Often times, when you’re focused on a mission, it can be easy to forget how that mission is perceived by others. What seems obviously true and objectively important to you may appear as questionable and only of subjective value to those around you. For those of us who are saved, we see the gospel through spiritually illuminated eyes as “the power of God and the wisdom of God” (1 Cor. 1:18-25). But for many, our faith is but another viewpoint in a sea of religions. In Japan, there is an old adage that goes something like: “many different roads lead to the top of Mt. Fuji.” As a religiously syncretistic culture, the Japanese people don’t mind other religions, but the claim that Jesus is the only way is a tough pill to swallow.
And yet, so many people have come to worship services after we invited them. We have had many friends who have attended worship and listened to me preach the gospel. They knew we lived in Japan as missionaries. We were there with the specific focus of bringing them to Jesus. They knew we wanted them to become Christians. And yet, that mission did not prevent them from building relationships with us and happily receiving our invitations. From the side of the missionary (or those supporting them) that may seem easy. But is it really?
We forget that for the Japanese people, Christianity appears as a foreign religion. How many of us would be willing to give up free time to attend a Mormon worship service or activity? How many of us would be comfortable going to a Buddhist temple upon receiving an invitation from a friend? Even if you could do it with a good conscience as a Christian, how comfortable would you feel attending? Would you go with your children? I think for most of us, we’d look for excuses not to go. We care about our friends, but maybe that’s a bridge too far. Yet, so many of our Japanese friends crossed that bridge which I would have difficulty crossing myself.

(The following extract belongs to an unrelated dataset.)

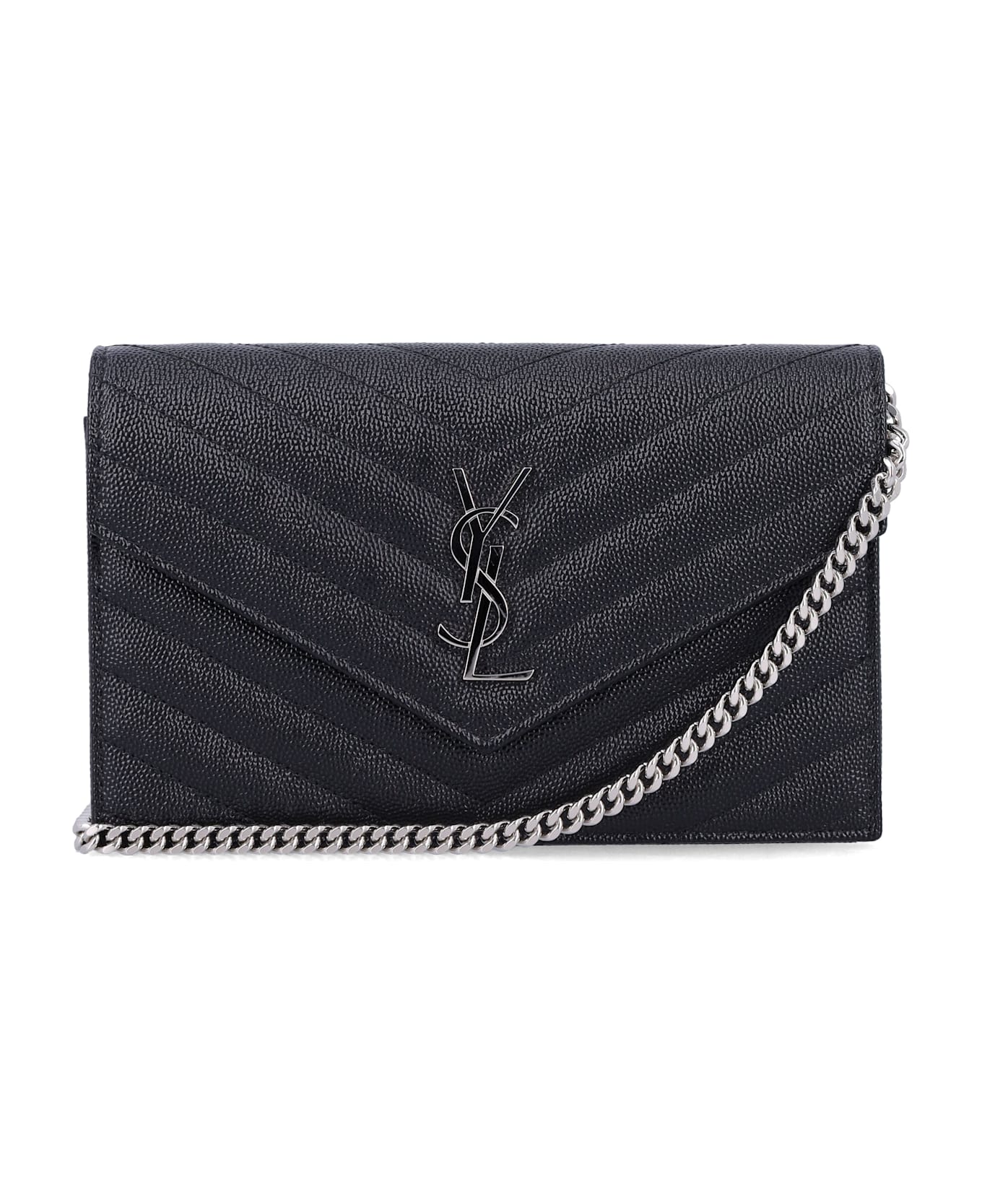 The Saint Laurent Cassandre Envelope Chain Wallet Epitomizes Refined Elegance. Crafted In Grain De Poudre Leather With Iconic Chevron Quilting, It Is Finished With The Signature Silver-toned Cassandre Logo. Compact Yet Practical, It Features A Zip Pocket And Card Slot, And Can Be Carried On The Shoulder Or Crossbody With Its Leather-reinforced Chain Strap. Silver-toned Cassandre Logo On The Flap Snap-button Closure Chain Strap With Leather Insert One Internal Zip Pocket One Internal Card Slot Grosgrain Lining Chrome- And Metal-free Tanned Leather Height: 12 Cm Width: 19 Cm Depth: 3,5 Cm

I have come to see this as an act of grace. While they may not yet see the full value of Jesus, they care about us and they know it’s important to us. Attendance is thus an act of grace towards us. Knowing that fills my heart with thankfulness. Of course, I do want them to become disciples themselves, and I have used every one of those opportunities to the best of my ability towards that end. However, I am still grateful for that initial kindness.

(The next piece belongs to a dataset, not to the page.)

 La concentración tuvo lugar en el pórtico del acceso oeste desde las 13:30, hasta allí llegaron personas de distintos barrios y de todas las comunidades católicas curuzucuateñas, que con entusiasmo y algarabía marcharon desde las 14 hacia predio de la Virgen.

I see in that kindness an important lesson for us as Christians. What our Japanese friends have really done for us is give us the benefit of the doubt. They have said that, while they don’t necessarily believe as we do, they’re willing to hear us out. They’re willing to give us the chance to explain why we find it so important, and they’re willing to reflect on it. What if we did that more for each other? What if more Christians were willing to give the benefit of the doubt to others? What if we could extend grace and just listen? I imagine there would be a lot of spiritual growth and a lot less division.
Because we see the spiritual truths of Christ, we tend to assume others will see it easily as well. Especially for those of us raised in the church, our faith seems obvious. We must never forget how not-obvious it is to much of the world, and thus we must be thankful when they are willing to hear us out. An open heart is an act of God’s grace, and it is an act of that person’s grace to extend it to us. May we never waste those opportunities, and may we learn from it in how we treat one another.